Hope you don't need to use all those...


----------



## Svooterz (Jul 29, 2006)

toshi said:


> Curious if any of you have direct experience with Bicycle Wheel Warehouse. I'm interested in their Blackset Race wheelset with DA 7850 hubs (link).
> 
> Anyone know what rims they're sourcing for this wheel, and how stiff the build should feel? I'm guessing moderately stiff with the spoke count, but the rim itself might be a little flexy from weight and rim height.
> 
> Thanks!


I suppose these wheels will be more than stiff enough. I have bought a set of their Blackset Race wheels with formula hubs (275$ for a 1400 grams wheelset? bring them in!) this summer and they've held up very well. 24 spokes up front, 28 in the back, all DT comp 14/15 gauge with alu nipples and I can tell you that these wheels are laterally stiffer than the Easton Vista SL that I was riding before. I can't feel any flex in the wheels. I haven't raced on them yet, but I logged hard training miles on them without any worries.

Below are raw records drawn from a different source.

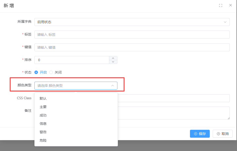 字典管理中,字典的数据可以选择颜色类型,选择不同的选项没有在表单上有任何变化,这个地方的用法是什么?
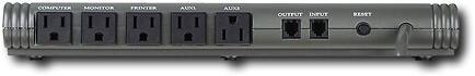 5-outlet power center with 2391-joule energy also has sockets for phone, fax and modem. Under-monitor design keeps cords off the floor, away from children and pets.
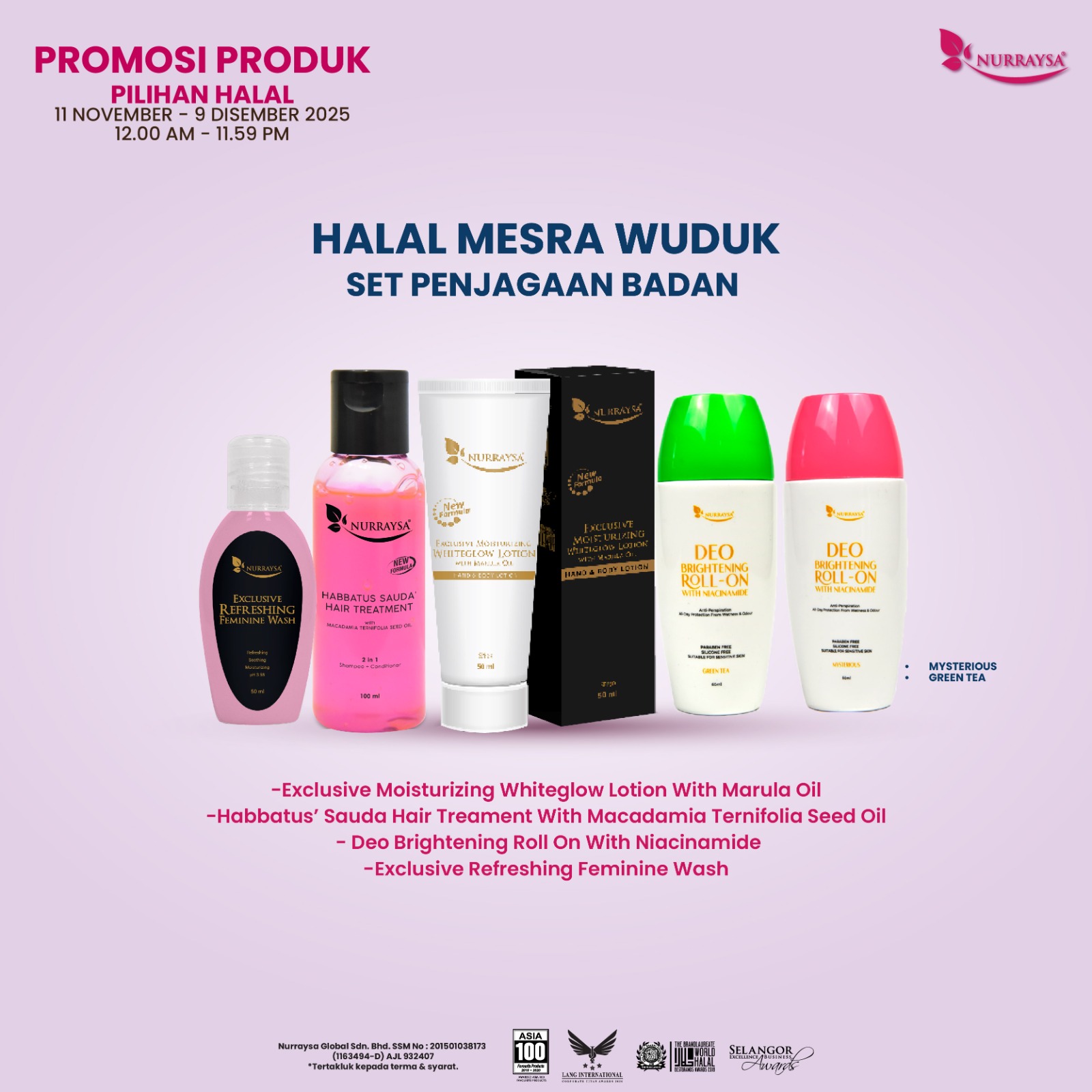 Promosi Produk Pilihan Halal 11 Nov-09 Dis : 1 Set Penjagaan Badan (SM/SS)

I have even hit a pothole on a fast descent and the hit was hard enough to destroy a Scicon bag's anchor points and to send the aforementionned bag flying into the ground. The wheels didn't even need trueing. OK, I may weight only 140 pounds, but still, I was impressed.

Given that the wheel build your are looking will use the same rims but with more spokes and even better hubs, I'd say it will be one durable & solid training wheelset.


----------